The next tributary is the Meers Brook, culverted for its last section under the suburban district of Meersbrook. Just below the junction is Heeley Station, built on the site of Heeley Wheel. The mill was demolished and the river was diverted by the railway company. Other sections of the river were also re-aligned in the 1860s to make way for the railway, and the weir at the site of Cooper Wheel, which can be seen from Havelock bridge, was probably built by the Midland Railway, as its orientation changed around that time.

From Granville Square to the Don, the river is almost entirely in culverts. The Midland Railway bought the water rights to allow them to build their station over the river. The site of Pond Tilt is now occupied by the station forecourt, and the goods yard covered its dam. The owners of Pond Forge vacated their site soon after the station was built, but attempted to get compensation for loss of water power as a result of the work.

At Granville Square, a large screen prevents debris from entering the culverts. Serious flooding in 1990 led to the construction of the first screen, and it was then refurbished in 2010, so that it could be continuously monitored by the Environment Agency. The Sheaf Screen was replaced by a larger, automated version in 2020.

The river continues below ground to the edge of the station, where it is joined underground by the Porter Brook, which emerges from its own culvert to flow beside the station car park before passing under the station from the west. The two rivers meet under platform 5a, originally under a wooden access cover but the Sheaf & Porter Rivers Trust replaced this with a lightwell and information signs in 2026.

The river surfaces briefly by Pond Hill, before passing under the Ponds Forge district. It flows through a series of huge tunnels. A decaying concrete section of culvert follows until the Sheaf joins the Don under Castlegate bridge, opposite Blonk Street bridge, named after Benjamin Blonk, who was the tenant of Castle Orchards Wheel from the 1750s to the 1770s.

==Water quality==
The Environment Agency measure water quality of the river systems in England. Each is given an overall ecological status, which may be one of five levels: high, good, moderate, poor and bad. There are several components that are used to determine this, including biological status, which looks at the quantity and varieties of invertebrates, angiosperms and fish. Chemical status, which compares the concentrations of various chemicals against known safe concentrations, is rated good or fail.

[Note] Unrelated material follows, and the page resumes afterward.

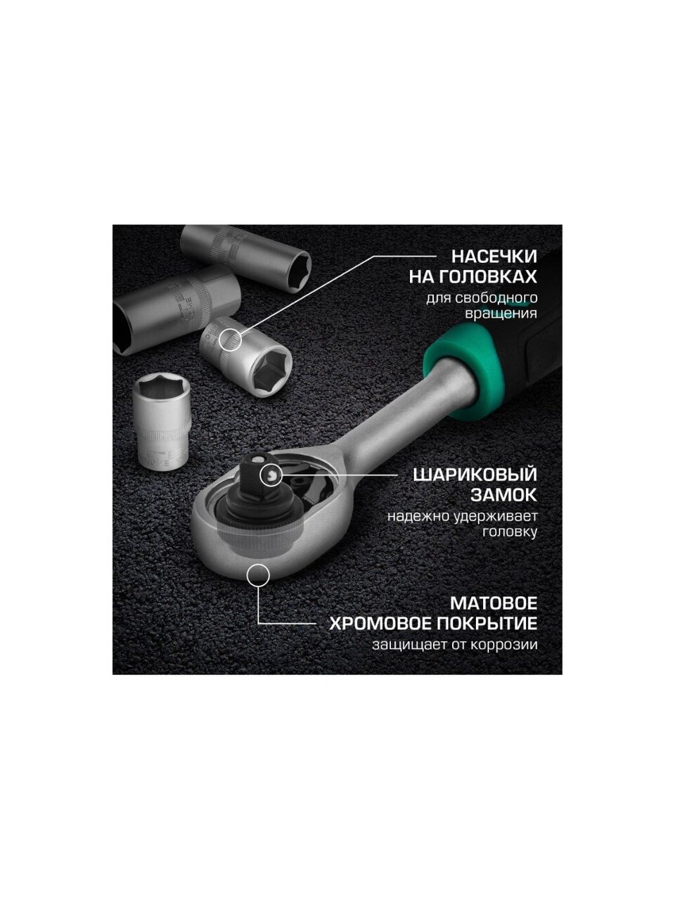 - Комбинированные ключи и головки изготовлены из хромованадиевой стали, которая обеспечивает твердость и прочность инструментов.

The water quality of the Sheaf was as follows in 2019:

| Section | Ecological Status | Chemical Status | Length | Catchment | Channel |
|---|---|---|---|---|---|
| Sheaf from Source to River Don | Moderate | Fail | 18.4 miles (29.6 km) | 20.33 square miles (52.7 km^{2}) | heavily modified |

The river is only rated moderate for ecological status due to the fact that the channel has been heavily modified by human activity. Like most rivers in the UK, the chemical status changed from good to fail in 2019, due to the presence of polybrominated diphenyl ethers, perfluorooctane sulphonate and mercury compounds, none of which had previously been included in the assessment.

== Future ==
Sheffield City Council, the Environment Agency and Sheaf & Porter Rivers Trust worked on a vision for the former Castle Market site. This involves removing the structurally decaying concrete culvert at the end of the River Sheaf, daylighting the section and replacing it with a new city centre park. Construction to deculvert the Sheaf and create the new park began in February 2024 and is due to be completed in 2026. The Sheaf & Porter Rivers Trust are also campaigning for improvements to the River Sheaf Walk and Cycleway. This follows the course of the river for much of its length, but there are some significant gaps, and the Trust is working to ensure that the routes for the missing links are protected in the planning process.

In September 2014, Sheffield City Council announced plans for flood defences on the River Sheaf and its tributaries costing £12 million.